(Data excerpts)
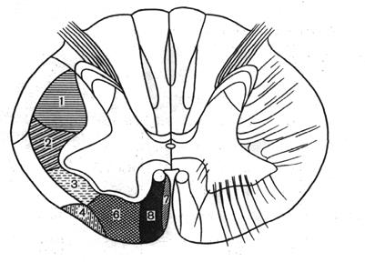 тов, занимающих определенное положение в латеральных и вентральных канатиках белого
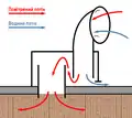 Схема будови суднового дефлектора. Потік повітря позначений червоним, води — блакитним.
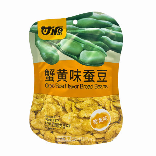 Бобовые снеки со вкусом крабовой икры Ganyuan популярная в Поднебесной закуска с необычным пикантным вкусом, который придется по душе любителям морепродуктов. Бобовые снеки покрыты хрустящей глазурью на основе жареного теста из рисовой муки с добавлением приправ из высушенных и перемолотых в порошок даров моря - крабовой икры, крабового мяса, морских гребешков и сушеной рыбы, дополненных специями, солью, сахаром и соевым соусом. Эти интересные и вкусные снеки понравятся любителям орешков и чипсов со вкусом морепродуктов. Бобы со вкусом крабовой икры можно использовать для украшения салатов и как топпинг к отварному рису.
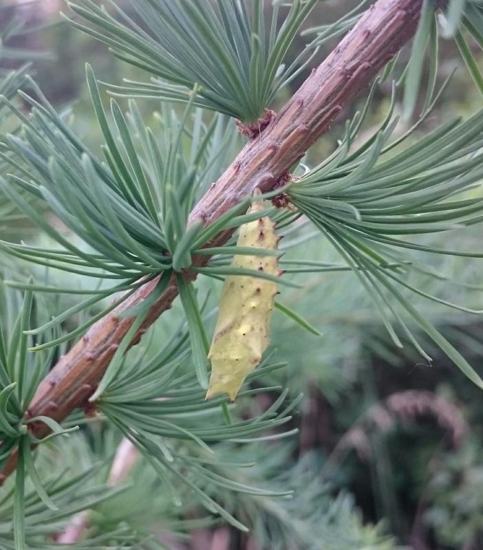 An meiner Larix kaempferi fand ich gestern diese Stürzpuppe. Die Larix war nicht die Futterpflanze. Was könnte das werden?
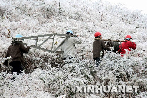 1月22日,凱里市供電部門職工趕往事故現(xiàn)場(chǎng)搶修供電設(shè)施。受大面積冰凍災(zāi)害天氣影響,貴州電網(wǎng)多處線路受損,黔東南苗族侗族自治州和銅仁地區(qū)有9個(gè)縣停止供電。凱里電網(wǎng)2000多名職工投入“抗冰保電”一線晝夜搶修。 新華社發(fā)(吳如雄 攝)
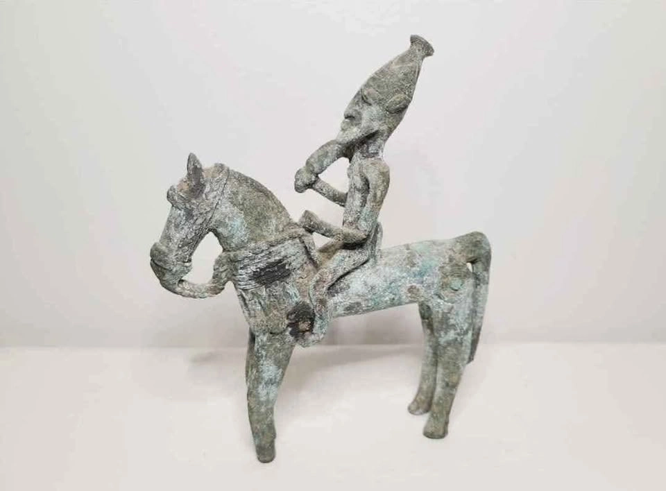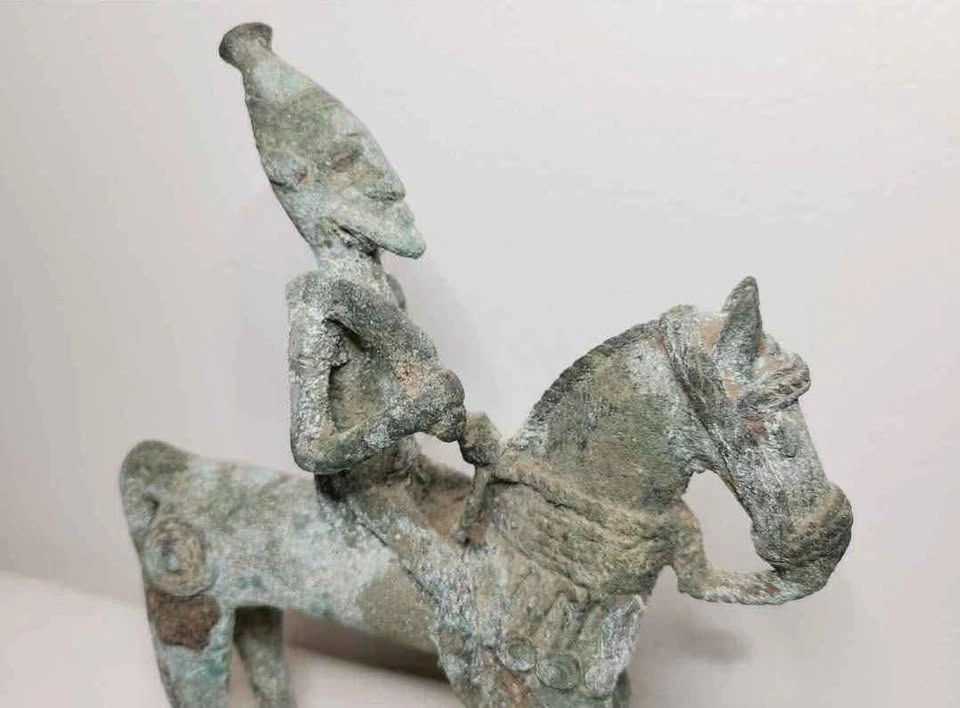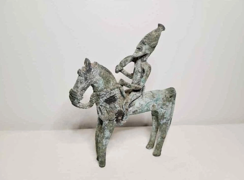 60The sculpture is a vintage African cast bronze horse and rider from the Dogon people of Mali, West Africa, likely from the 19th century due to the amount of oxidation. It was obtained from an estate sale here in Ottawa along with my other Gouache paintings (see other listing). I was told it was picked up close to Mali in the 60's. Again it's date looks to be much older than when it was purchased. The Dogon are an ethnic group located mainly in the administrative districts of Bandiagara and Douentza in Mali, West Africa. The precise origin of the Dogon, like those of many other ancient cultures, is undetermined. They have lived in Mali since the 15th century, wedged between two seemingly infinite bodies, the Sahara below and the universe above. Their sculpture, especially the figurative iron, bronze, and brass casting by blacksmiths, constitutes one of the most remarkable artistic traditions of West Africa, reaching back to the period of the great Empire of Mali as early as the 12th century, with a rich variety of sculptural styles and subject matter. In many West African traditional communities, blacksmiths enjoyed a privileged position, as they master the elements earth, air and fire. It is the blacksmith who makes โmagicโ figures, casts protective amulets, and instills power and meaning into objects they are commissioned to create. While working, they go into a sort of spell and commiserate with their ancestors. In a sense, they summon their muse. The art of the Dogon deals with the complex ensemble of myth and its regulation of the life of the individual. In Dogon society, horses were generally considered a luxury reserved for rich or powerful people. Horses also occur in Dogon beliefs about the creation of the world, where horse and rider figures are seen as a symbol of a mythological personage. The horse is incorporated into many ceremonial and functional sculptures, and equestrian figures are common in Dogon art, with the bronze figure sharing the long tradition of figurative iron, bronze, and brass casting by blacksmiths in West Africa. ๐ Located near Walkley Rd. and Bank St. ๐ Can also meet near Carling Ave and Bronson Ave most weekdays between 10am - 3pm.
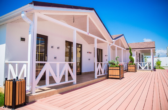 Каждый номер - это отдельный домик с террасой, обустроенный уютно и со вкусом. Гости попадают в свой номер с помощью индивидуального электронного ключа. Заезд возможен с 14 часов, выезд - до 12 часов.
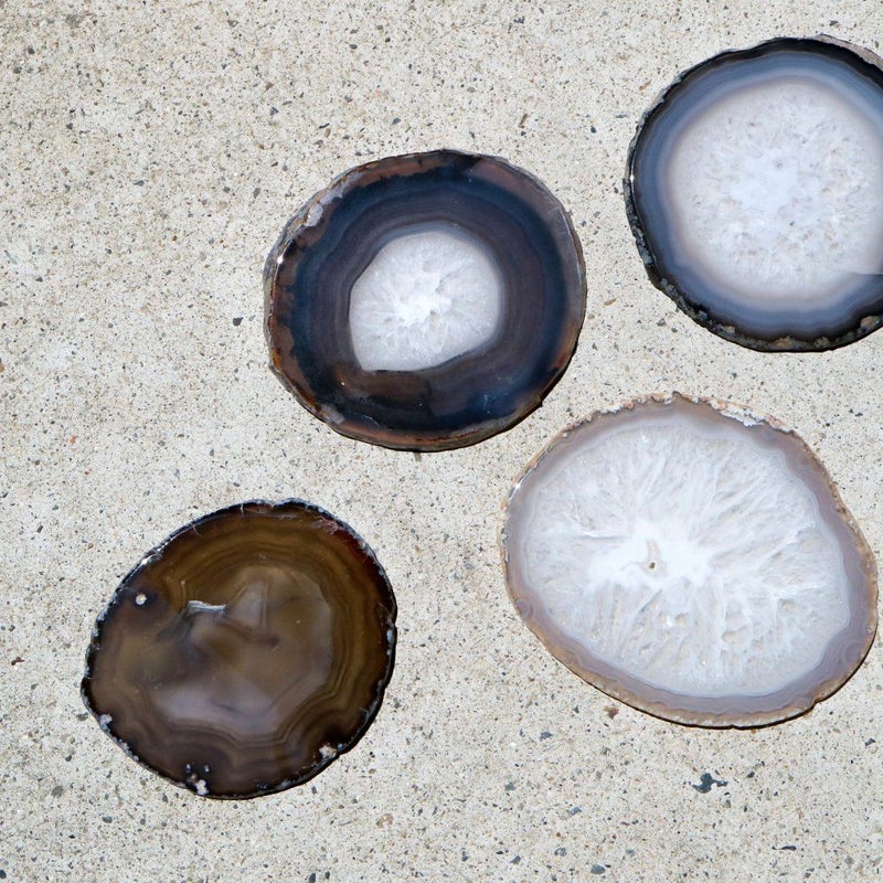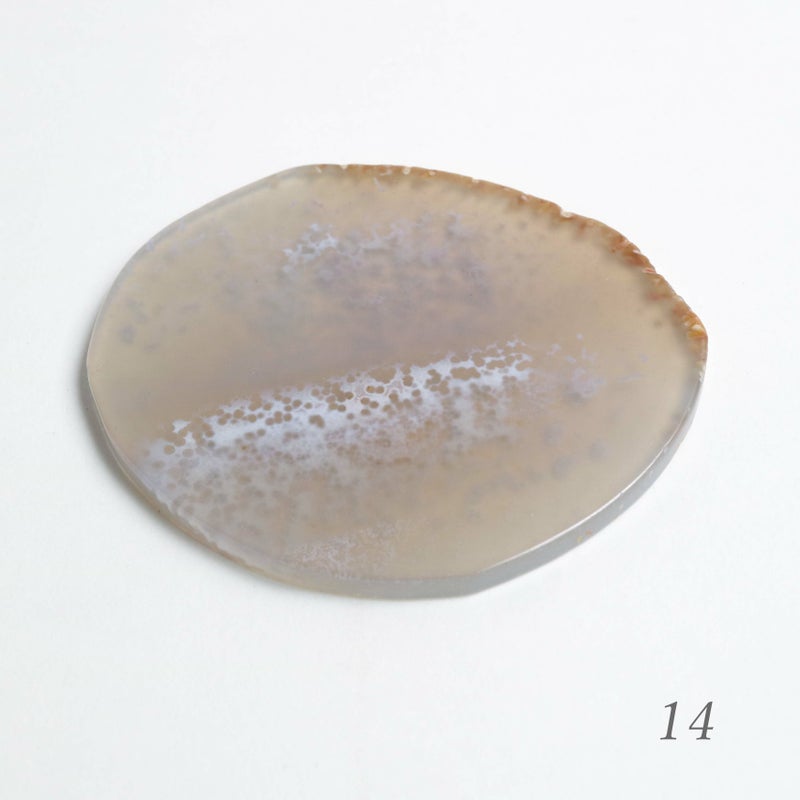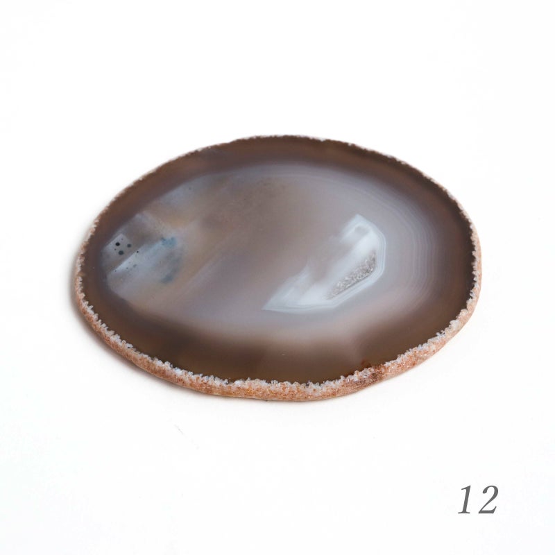 縞模様が特徴的なアゲート(メノウ)の原石をスライス加工して作ったコースター。 模様の入り方や色彩が千差万別のアゲート。 その個性に魅了されるコレクターも多い鉱物です。 こちらのコースターも、もちろん千差万別。 色彩や形など個性豊かなアゲートが集まりました。

(Requirement)
Reprint the whole listing above exactly, taking out the pictures.

(Solution to this exercise)
 тов, занимающих определенное положение в латеральных и вентральных канатиках белого
 Схема будови суднового дефлектора. Потік повітря позначений червоним, води — блакитним.
 Бобовые снеки со вкусом крабовой икры Ganyuan популярная в Поднебесной закуска с необычным пикантным вкусом, который придется по душе любителям морепродуктов. Бобовые снеки покрыты хрустящей глазурью на основе жареного теста из рисовой муки с добавлением приправ из высушенных и перемолотых в порошок даров моря - крабовой икры, крабового мяса, морских гребешков и сушеной рыбы, дополненных специями, солью, сахаром и соевым соусом. Эти интересные и вкусные снеки понравятся любителям орешков и чипсов со вкусом морепродуктов. Бобы со вкусом крабовой икры можно использовать для украшения салатов и как топпинг к отварному рису.
 An meiner Larix kaempferi fand ich gestern diese Stürzpuppe. Die Larix war nicht die Futterpflanze. Was könnte das werden?
 1月22日,凱里市供電部門職工趕往事故現(xiàn)場(chǎng)搶修供電設(shè)施。受大面積冰凍災(zāi)害天氣影響,貴州電網(wǎng)多處線路受損,黔東南苗族侗族自治州和銅仁地區(qū)有9個(gè)縣停止供電。凱里電網(wǎng)2000多名職工投入“抗冰保電”一線晝夜搶修。 新華社發(fā)(吳如雄 攝)
 60The sculpture is a vintage African cast bronze horse and rider from the Dogon people of Mali, West Africa, likely from the 19th century due to the amount of oxidation. It was obtained from an estate sale here in Ottawa along with my other Gouache paintings (see other listing). I was told it was picked up close to Mali in the 60's. Again it's date looks to be much older than when it was purchased. The Dogon are an ethnic group located mainly in the administrative districts of Bandiagara and Douentza in Mali, West Africa. The precise origin of the Dogon, like those of many other ancient cultures, is undetermined. They have lived in Mali since the 15th century, wedged between two seemingly infinite bodies, the Sahara below and the universe above. Their sculpture, especially the figurative iron, bronze, and brass casting by blacksmiths, constitutes one of the most remarkable artistic traditions of West Africa, reaching back to the period of the great Empire of Mali as early as the 12th century, with a rich variety of sculptural styles and subject matter. In many West African traditional communities, blacksmiths enjoyed a privileged position, as they master the elements earth, air and fire. It is the blacksmith who makes โmagicโ figures, casts protective amulets, and instills power and meaning into objects they are commissioned to create. While working, they go into a sort of spell and commiserate with their ancestors. In a sense, they summon their muse. The art of the Dogon deals with the complex ensemble of myth and its regulation of the life of the individual. In Dogon society, horses were generally considered a luxury reserved for rich or powerful people. Horses also occur in Dogon beliefs about the creation of the world, where horse and rider figures are seen as a symbol of a mythological personage. The horse is incorporated into many ceremonial and functional sculptures, and equestrian figures are common in Dogon art, with the bronze figure sharing the long tradition of figurative iron, bronze, and brass casting by blacksmiths in West Africa. ๐ Located near Walkley Rd. and Bank St. ๐ Can also meet near Carling Ave and Bronson Ave most weekdays between 10am - 3pm.
 Каждый номер - это отдельный домик с террасой, обустроенный уютно и со вкусом. Гости попадают в свой номер с помощью индивидуального электронного ключа. Заезд возможен с 14 часов, выезд - до 12 часов.
 縞模様が特徴的なアゲート(メノウ)の原石をスライス加工して作ったコースター。 模様の入り方や色彩が千差万別のアゲート。 その個性に魅了されるコレクターも多い鉱物です。 こちらのコースターも、もちろん千差万別。 色彩や形など個性豊かなアゲートが集まりました。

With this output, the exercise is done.